### Task brief
Please take the records that follow and repeat exactly the lines starting with the line with "在後座未傾倒狀態下,RAV4" and going on through the line with "淮阴师范学院广播电视编导专业".

### Source records
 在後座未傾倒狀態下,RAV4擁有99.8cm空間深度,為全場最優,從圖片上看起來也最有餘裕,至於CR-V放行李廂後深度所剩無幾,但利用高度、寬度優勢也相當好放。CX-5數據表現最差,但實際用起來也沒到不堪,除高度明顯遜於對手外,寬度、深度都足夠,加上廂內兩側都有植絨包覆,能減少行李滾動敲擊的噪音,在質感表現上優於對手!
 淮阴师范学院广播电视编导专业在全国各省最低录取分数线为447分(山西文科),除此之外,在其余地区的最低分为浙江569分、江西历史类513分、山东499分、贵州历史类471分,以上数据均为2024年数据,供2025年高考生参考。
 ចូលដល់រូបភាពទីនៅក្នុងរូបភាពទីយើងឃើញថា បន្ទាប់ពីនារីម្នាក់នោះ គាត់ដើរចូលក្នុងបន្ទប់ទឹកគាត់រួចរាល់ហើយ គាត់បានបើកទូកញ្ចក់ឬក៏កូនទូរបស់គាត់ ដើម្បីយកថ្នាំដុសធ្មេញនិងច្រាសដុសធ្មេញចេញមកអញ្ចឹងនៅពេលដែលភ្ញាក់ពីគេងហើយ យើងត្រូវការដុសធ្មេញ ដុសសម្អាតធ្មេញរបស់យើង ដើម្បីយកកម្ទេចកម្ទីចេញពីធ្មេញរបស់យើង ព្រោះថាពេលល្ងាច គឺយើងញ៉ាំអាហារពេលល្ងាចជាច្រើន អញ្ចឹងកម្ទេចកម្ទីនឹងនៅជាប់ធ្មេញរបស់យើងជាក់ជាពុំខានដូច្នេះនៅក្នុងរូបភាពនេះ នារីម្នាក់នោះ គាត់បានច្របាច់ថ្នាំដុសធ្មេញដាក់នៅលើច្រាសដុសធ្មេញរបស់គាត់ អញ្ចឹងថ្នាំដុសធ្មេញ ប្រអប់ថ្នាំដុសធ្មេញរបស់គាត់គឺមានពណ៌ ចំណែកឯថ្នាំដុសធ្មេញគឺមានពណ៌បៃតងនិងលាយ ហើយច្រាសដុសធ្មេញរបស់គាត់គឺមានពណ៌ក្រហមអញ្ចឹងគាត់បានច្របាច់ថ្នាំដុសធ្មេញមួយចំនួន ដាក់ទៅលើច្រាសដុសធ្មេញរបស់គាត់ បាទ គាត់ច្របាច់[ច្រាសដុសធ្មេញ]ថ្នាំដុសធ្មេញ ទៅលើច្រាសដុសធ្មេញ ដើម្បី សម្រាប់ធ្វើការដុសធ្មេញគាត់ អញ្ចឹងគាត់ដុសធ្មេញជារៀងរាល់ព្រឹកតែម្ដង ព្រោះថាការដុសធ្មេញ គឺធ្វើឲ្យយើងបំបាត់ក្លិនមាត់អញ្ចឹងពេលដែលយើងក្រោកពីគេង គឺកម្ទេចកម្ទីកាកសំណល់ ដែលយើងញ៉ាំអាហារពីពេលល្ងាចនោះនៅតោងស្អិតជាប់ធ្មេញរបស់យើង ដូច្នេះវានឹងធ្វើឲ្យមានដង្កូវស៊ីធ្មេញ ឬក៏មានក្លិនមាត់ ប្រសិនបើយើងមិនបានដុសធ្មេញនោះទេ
---
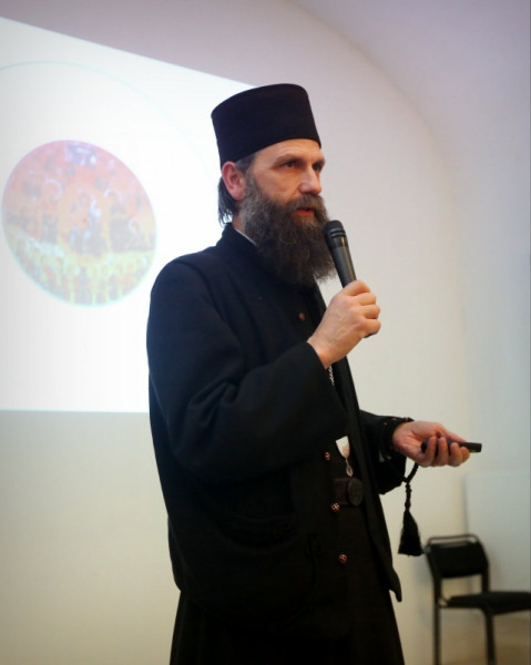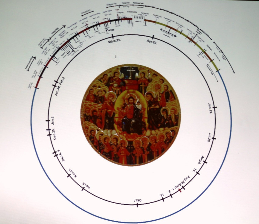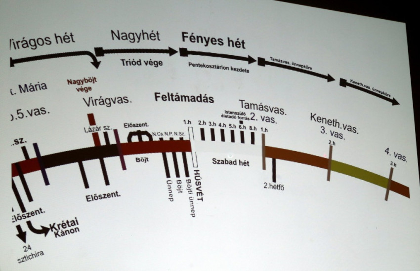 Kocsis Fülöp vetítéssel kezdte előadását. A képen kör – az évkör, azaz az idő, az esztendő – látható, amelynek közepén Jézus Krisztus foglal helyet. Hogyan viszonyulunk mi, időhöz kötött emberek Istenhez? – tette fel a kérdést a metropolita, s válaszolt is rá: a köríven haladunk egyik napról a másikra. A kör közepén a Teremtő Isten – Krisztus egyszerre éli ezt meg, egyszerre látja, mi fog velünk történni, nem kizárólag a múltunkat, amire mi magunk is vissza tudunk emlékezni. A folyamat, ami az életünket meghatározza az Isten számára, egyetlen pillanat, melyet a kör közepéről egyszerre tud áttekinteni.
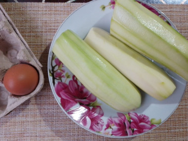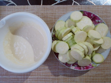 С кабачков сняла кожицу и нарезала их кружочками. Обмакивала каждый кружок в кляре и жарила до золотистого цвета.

### Task response
 在後座未傾倒狀態下,RAV4擁有99.8cm空間深度,為全場最優,從圖片上看起來也最有餘裕,至於CR-V放行李廂後深度所剩無幾,但利用高度、寬度優勢也相當好放。CX-5數據表現最差,但實際用起來也沒到不堪,除高度明顯遜於對手外,寬度、深度都足夠,加上廂內兩側都有植絨包覆,能減少行李滾動敲擊的噪音,在質感表現上優於對手!
 淮阴师范学院广播电视编导专业在全国各省最低录取分数线为447分(山西文科),除此之外,在其余地区的最低分为浙江569分、江西历史类513分、山东499分、贵州历史类471分,以上数据均为2024年数据,供2025年高考生参考。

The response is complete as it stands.